The following things should be explicitly disallowed:

• Executing binary code.
• Executing shell scripts or scripting language scripts.
• Viewing documents whose viewers execute macros or are likely to contain exploitable vulnerabilities (e.g. PDF viewers).
• Copying and pasting commands that are stored in a text file.
• Manually following any kind of instructions stored in a text file.

Decommissioning

When the system is decommissioned, all components should be physically destroyed. This is not only to destroy traces of secret data, it also ensures that once the system is decommissioned, it is never re-commissioned into another air-gap system, after potentially being compromised while decommissioned.

Restoring Backups

So far, we have described how to create backups of the air-gap system. We have yet to describe how to restore these backups. The restore process is as follows:

---------------------------------------------------------------------------
Preconditions:
    - AirGap is powered off and no flash drives are plugged in.
        (Note, if one of the offsite backups is being used, it might be the
         case that all of AirGap's hardware is new. That's ok, as long as
         SystemSetup() has been performed on the new hardware.).
    - Store1 is broken.
    - One of Backup1, Offsite1, and Offsite2 contain the most recent backup.
Postconditions:
    - Store1 is replaced by a new drive.
    - The old Store1 is decommissioned.
    - The new Store1 contains the restored backup.
---------------------------------------------------------------------------

Boot AirGap to Tails.
Insert and mount Store1 (new) and the backup flash drive.
Copy the backup onto Store1 (new).
Remove all flash drives from AirGap.
Power off AirGap.

Decommission the old Store1.

Even though backups are created frequently, data loss is still possible.
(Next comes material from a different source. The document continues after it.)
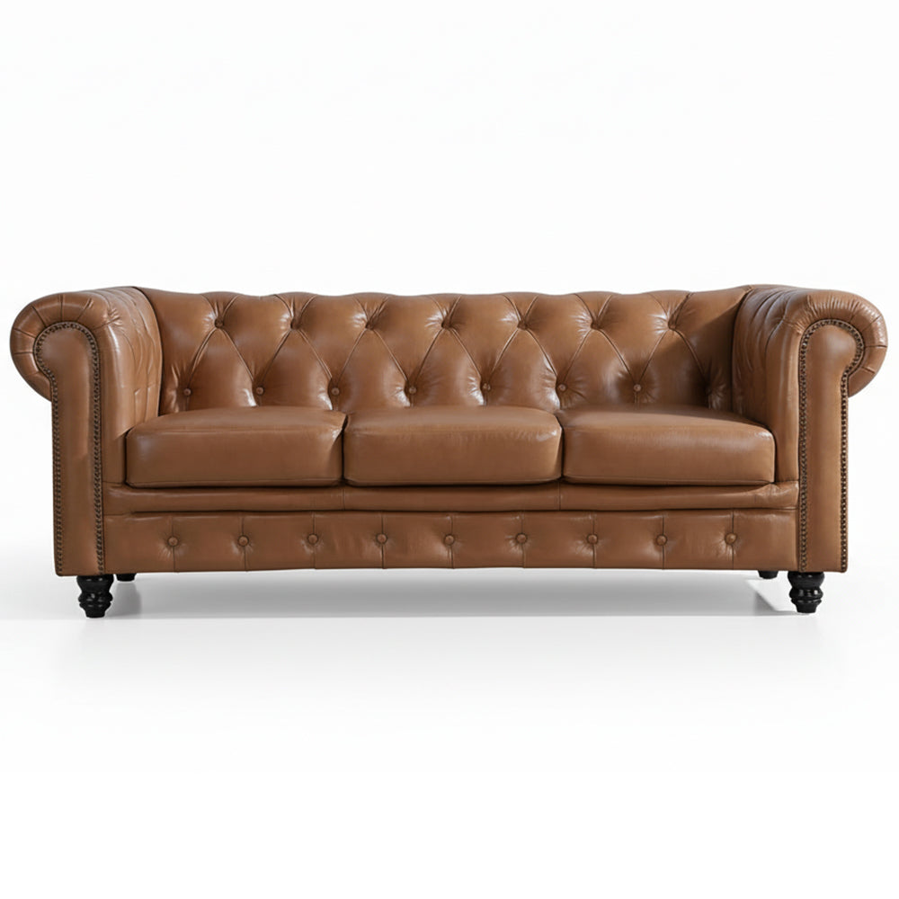 Max Chesterfield 3 Seater Leather Sofa - Cowhide Tan Leather

Sometimes, losing data can create other security issues, or can create situations that require a special response. It is up to the operator to identify these cases and respond appropriately.

Detecting and Responding to Attacks

This document describes a system that should be 100% secure as long as the security assumptions are met. If it is possible to compromise the system without violating one of the security assumptions, then this document is flawed.
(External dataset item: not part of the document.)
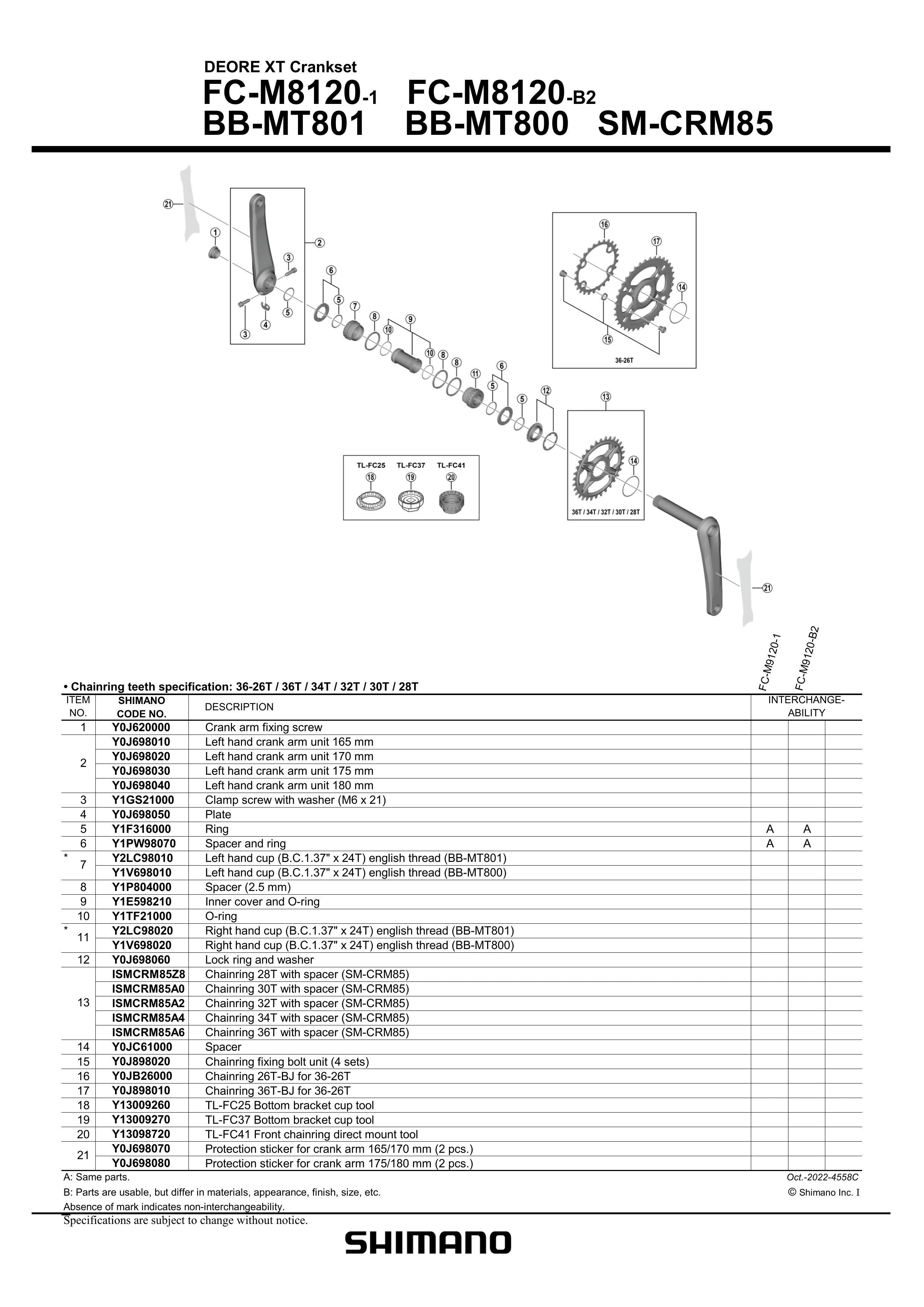 SHIMANO FAHRRADKURBELGARNITUR DEORE XT FC-M8120-1 165 mm

In practice, however, the security assumptions will be violated, and the system will be compromised. It is therefore important to try to detect these violations, and then respond in a way that protects the integrity of the system. It is not always possible to detect a violation, and sometimes there is no good response to a violation. However, a "best effort" at detection and response should be made.

The details of detection and response are out of scope of this document.

Conclusion

Audit Status

This document has not yet received any third-party review.

Notes

[1]: We should also assume that the Tails CD was in the drive when the adversary had root access, and that that drive is capable of burning DVD+/-RW discs.

[2]: We've already assumed the adversary can't receive these signals even if AirGap did have these things, but having this requirement makes that assumption much easier to satisfy in practice.

[3]: Note that this can, and should, be more than one device. There should always be at least two independent sources of entropy. Not only because it prevents one's backdoor from being exploitable (if only one of the two are backdoored), but it reduces the chance of accidental failure. A webcam can be used as a secondary randomness source. Just pipe the video stream into /dev/random. A cautious operator should add entropy manually (dice rolls, coin flips, etc.).

TODOs

• In practice I screwed up by copying the plaintext (reply.txt) instead of the ciphertext (reply.txt.asc), which leaked the contents of my message. There needs to be some kind of policy, or technical measure, or something, to make this less likely.